隐式图推断(LGI)通过动态学习来放松对给定图拓扑的依赖。然而,大多数LGI方法都假设有一个(嘈杂、不完整、可改进的、 ...)的输入图来重构,并且只能学习 regular graph 拓扑。在图拓扑深度学习(TDL)取得成功之后,我们研究了隐式拓扑推断(LTI),以学习高阶细胞群(稀疏且不是规则拓扑),描述数据点之间的多方交互。为了实现这一目标,我们引入了可变形细胞群模块(DCM),这是一种新的可学习函数,计算细胞群概率在群中改善后续任务。我们展示了如何整合DCM与细胞群传递网络层,并以端到端的方式训练它,得益于两个推断步骤,避免了在输入图中搜索所有可能细胞的方法,从而保持了扩展性。我们的模型对多个同向性和异向性图数据集进行了测试,并表明它优于其他最先进的技术,特别是在输入图未被提供的情况下提供了显著的改进。
https://arxiv.org/abs/2305.16174
Multimodal relation extraction (MRE) is the task of identifying the semantic relationships between two entities based on the context of the sentence image pair. Existing retrieval-augmented approaches mainly focused on modeling the retrieved textual knowledge, but this may not be able to accurately identify complex relations. To improve the prediction, this research proposes to retrieve textual and visual evidence based on the object, sentence, and whole image. We further develop a novel approach to synthesize the object-level, image-level, and sentence-level information for better reasoning between the same and different modalities. Extensive experiments and analyses show that the proposed method is able to effectively select and compare evidence across modalities and significantly outperforms state-of-the-art models.
多模态关系提取(MRE)的任务是根据句子图像 pair 上下文确定两个实体之间的语义关系。现有的检索增强方法主要关注 Modeling 检索到的文字知识,但这可能无法准确识别复杂的关系。为了改善预测,本研究提议基于对象、句子和整个图像检索文字和视觉证据。我们进一步开发了一种新的方法来合成对象级、图像级和句子级信息,以更好地在不同模态之间进行推理。广泛的实验和分析表明, proposed 方法能够有效地选择和比较不同模态的证据,并显著优于最先进的模型。
https://arxiv.org/abs/2305.16166
As the deployment of pre-trained language models (PLMs) expands, pressing security concerns have arisen regarding the potential for malicious extraction of training data, posing a threat to data privacy. This study is the first to provide a comprehensive survey of training data extraction from PLMs. Our review covers more than 100 key papers in fields such as natural language processing and security. First, preliminary knowledge is recapped and a taxonomy of various definitions of memorization is presented. The approaches for attack and defense are then systemized. Furthermore, the empirical findings of several quantitative studies are highlighted. Finally, future research directions based on this review are suggested.
随着预训练语言模型(PLM)的部署扩展,有关恶意提取训练数据的潜在安全关切已经浮现,这构成了数据隐私的威胁。这项研究是第一次全面调查PLM从记忆模型中提取训练数据的。我们的综述涵盖了自然语言处理和安全问题领域的超过100篇论文。首先,回顾了先前的知识,并呈现了记忆的各种定义的分类。攻击和防御的方法随后系统化了。此外, several 定量研究的实证结论被重点强调。最后,基于这个综述提出了未来的研究方向。

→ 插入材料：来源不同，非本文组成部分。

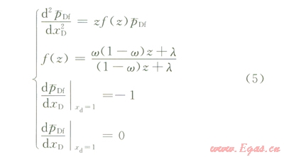 式中z為與滲流數(shù)學(xué)模型無(wú)因次時(shí)間相對(duì)應(yīng)的拉普拉斯空間自變量;`RDF為拉普拉斯空間中儲(chǔ)層裂縫系統(tǒng)無(wú)因次壓力;w為裂縫—孔隙雙重介質(zhì)儲(chǔ)層的儲(chǔ)容比,無(wú)因次;l為裂縫—孔隙雙重介質(zhì)儲(chǔ)層的竄流系數(shù),無(wú)因次;f(z)為綜合描述裂縫系統(tǒng)和孔隙系統(tǒng)儲(chǔ)滲級(jí)差關(guān)系的函數(shù)值,無(wú)因次;xD如為研究單向線(xiàn)性滲流問(wèn)題的一維坐標(biāo)系中無(wú)因次坐標(biāo)值,設(shè)定氣水區(qū)交界處xD=0,水區(qū)外邊界處xD=l。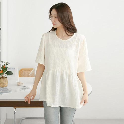 [옷자락] 여자 파스텔 시어서커 여름 반팔 프릴 롱 블라우스

https://arxiv.org/abs/2305.16157
This paper presents a novel design for a Variable Stiffness 3 DoF actuated wrist to improve task adaptability and safety during interactions with people and objects. The proposed design employs a hybrid serial-parallel configuration to achieve a 3 DoF wrist joint which can actively and continuously vary its overall stiffness thanks to the redundant elastic actuation system, using only four motors. Its stiffness control principle is similar to human muscular impedance regulation, with the shape of the stiffness ellipsoid mostly depending on posture, while the elastic cocontraction modulates its overall size. The employed mechanical configuration achieves a compact and lightweight device that, thanks to its anthropomorphous characteristics, could be suitable for prostheses and humanoid robots. After introducing the design concept of the device, this work provides methods to estimate the posture of the wrist by using joint angle measurements and to modulate its stiffness. Thereafter, this paper describes the first physical implementation of the presented design, detailing the mechanical prototype and electronic hardware, the control architecture, and the associated firmware. The reported experimental results show the potential of the proposed device while highlighting some limitations. To conclude, we show the motion and stiffness behavior of the device with some qualitative experiments.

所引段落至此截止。